(What you have to do) Copy out the entries below exactly as they stand, but only from the line containing "A Cheese & Cracker" through the line containing "5. Push motor".

*** Source material Section Begins ***

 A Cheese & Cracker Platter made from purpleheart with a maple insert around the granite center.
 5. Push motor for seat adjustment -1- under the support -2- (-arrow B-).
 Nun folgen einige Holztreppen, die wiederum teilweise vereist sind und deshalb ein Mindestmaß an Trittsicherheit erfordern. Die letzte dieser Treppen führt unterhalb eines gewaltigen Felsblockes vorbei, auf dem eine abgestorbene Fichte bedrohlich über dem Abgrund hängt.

*** Source material Section Ends ***
*** Source material Section Begins ***

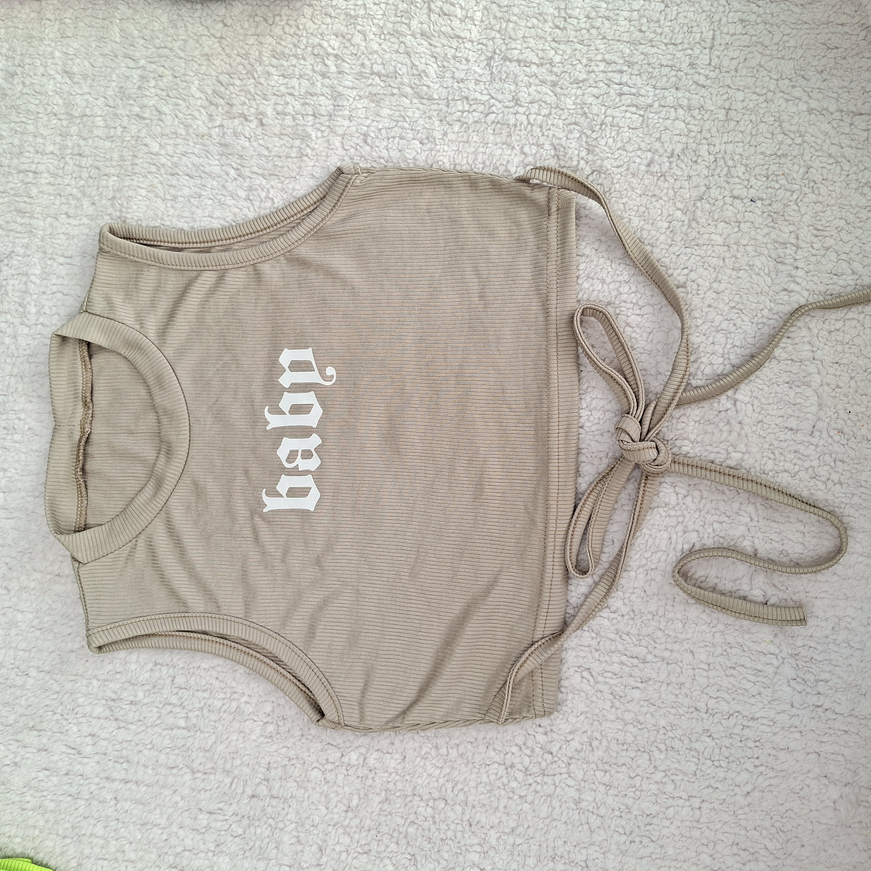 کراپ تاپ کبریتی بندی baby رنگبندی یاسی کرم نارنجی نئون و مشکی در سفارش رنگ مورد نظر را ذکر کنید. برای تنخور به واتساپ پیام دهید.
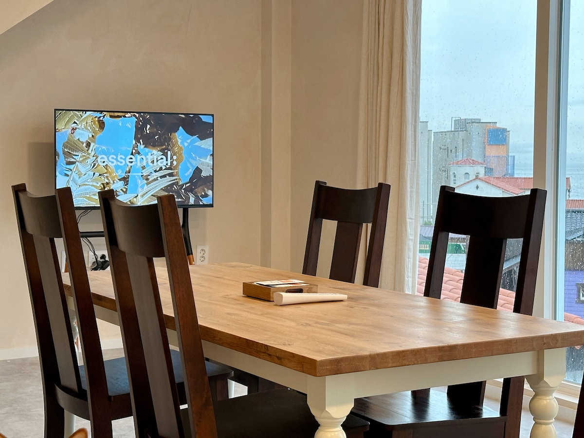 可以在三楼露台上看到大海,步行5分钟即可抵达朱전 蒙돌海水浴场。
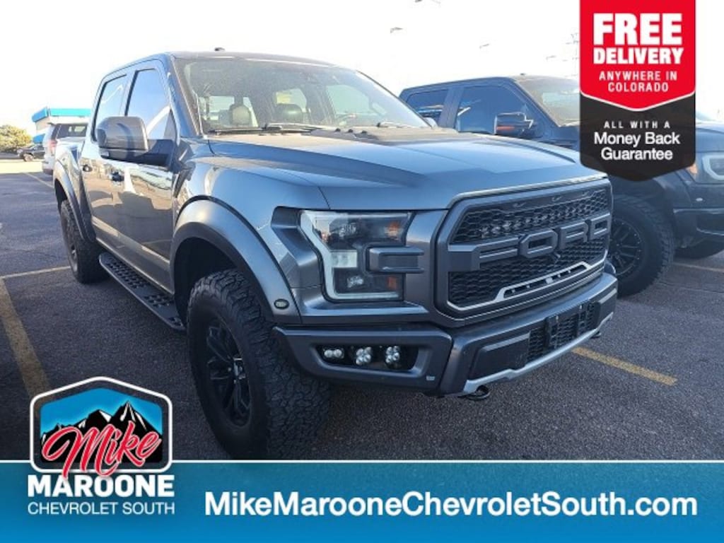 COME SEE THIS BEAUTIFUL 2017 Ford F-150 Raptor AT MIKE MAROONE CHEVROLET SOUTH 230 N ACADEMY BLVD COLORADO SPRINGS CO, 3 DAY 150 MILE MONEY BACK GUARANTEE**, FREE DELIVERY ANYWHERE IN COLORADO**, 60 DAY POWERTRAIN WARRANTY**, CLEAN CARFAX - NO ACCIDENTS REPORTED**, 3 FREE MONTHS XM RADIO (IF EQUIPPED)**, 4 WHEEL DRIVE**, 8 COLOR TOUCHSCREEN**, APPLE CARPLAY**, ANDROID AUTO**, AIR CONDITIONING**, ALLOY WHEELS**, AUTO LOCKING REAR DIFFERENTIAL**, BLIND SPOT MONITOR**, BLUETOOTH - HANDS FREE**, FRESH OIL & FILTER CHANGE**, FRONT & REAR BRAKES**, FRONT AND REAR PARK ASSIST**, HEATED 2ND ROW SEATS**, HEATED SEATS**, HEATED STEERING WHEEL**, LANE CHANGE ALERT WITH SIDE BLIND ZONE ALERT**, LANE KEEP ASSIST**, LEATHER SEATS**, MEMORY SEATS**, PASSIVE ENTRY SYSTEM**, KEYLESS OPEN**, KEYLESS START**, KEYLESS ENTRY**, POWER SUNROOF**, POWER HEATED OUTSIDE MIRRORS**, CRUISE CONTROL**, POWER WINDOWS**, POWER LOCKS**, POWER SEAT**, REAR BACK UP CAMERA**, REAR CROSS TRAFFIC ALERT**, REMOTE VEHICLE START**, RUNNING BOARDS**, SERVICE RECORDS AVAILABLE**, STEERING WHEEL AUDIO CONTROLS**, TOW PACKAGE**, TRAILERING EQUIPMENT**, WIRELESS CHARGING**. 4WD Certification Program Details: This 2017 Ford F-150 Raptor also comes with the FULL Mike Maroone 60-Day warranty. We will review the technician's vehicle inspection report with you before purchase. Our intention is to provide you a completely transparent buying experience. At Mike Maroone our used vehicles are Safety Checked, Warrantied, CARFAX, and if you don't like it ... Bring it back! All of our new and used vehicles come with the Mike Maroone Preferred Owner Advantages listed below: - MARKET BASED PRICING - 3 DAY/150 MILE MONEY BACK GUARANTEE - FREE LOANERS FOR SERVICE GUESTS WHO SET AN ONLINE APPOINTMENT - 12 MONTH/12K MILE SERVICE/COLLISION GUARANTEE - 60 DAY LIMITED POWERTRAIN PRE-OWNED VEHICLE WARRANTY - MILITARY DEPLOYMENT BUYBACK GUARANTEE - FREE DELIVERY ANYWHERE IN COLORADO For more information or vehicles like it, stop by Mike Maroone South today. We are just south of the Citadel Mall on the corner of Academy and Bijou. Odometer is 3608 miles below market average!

*** Source material Section Ends ***
*** Source material Section Begins ***

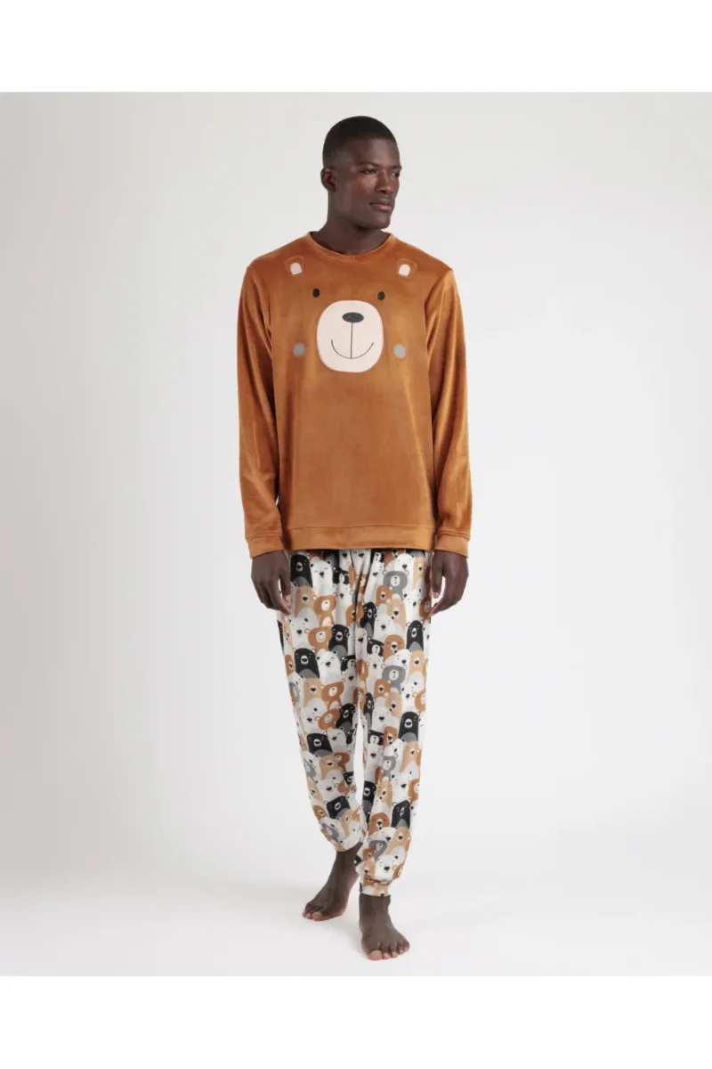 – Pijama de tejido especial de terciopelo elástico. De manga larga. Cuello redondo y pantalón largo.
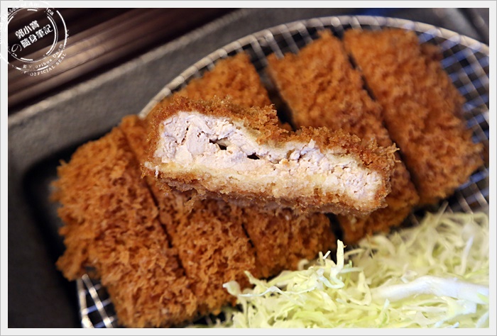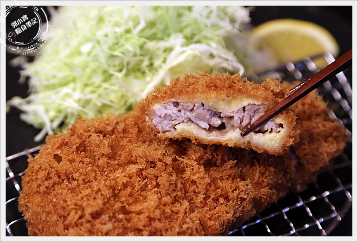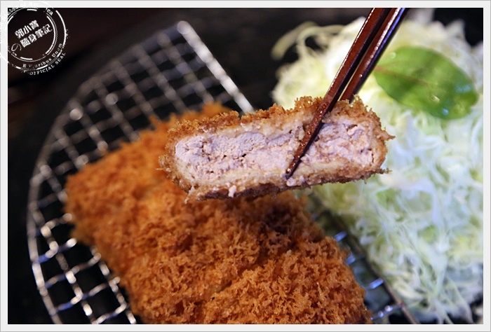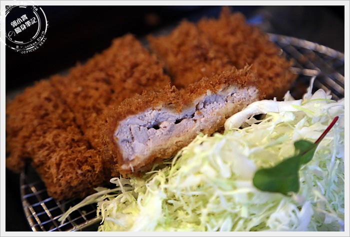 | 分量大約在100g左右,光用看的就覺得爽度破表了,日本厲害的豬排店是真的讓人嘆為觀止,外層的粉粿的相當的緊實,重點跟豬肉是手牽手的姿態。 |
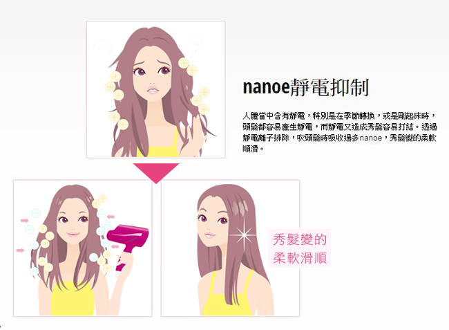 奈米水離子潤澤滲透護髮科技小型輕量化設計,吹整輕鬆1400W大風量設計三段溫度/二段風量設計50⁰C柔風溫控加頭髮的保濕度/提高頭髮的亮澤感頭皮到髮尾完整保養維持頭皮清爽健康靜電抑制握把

*** Source material Section Ends ***

(Expected answer)
 A Cheese & Cracker Platter made from purpleheart with a maple insert around the granite center.
 5. Push motor for seat adjustment -1- under the support -2- (-arrow B-).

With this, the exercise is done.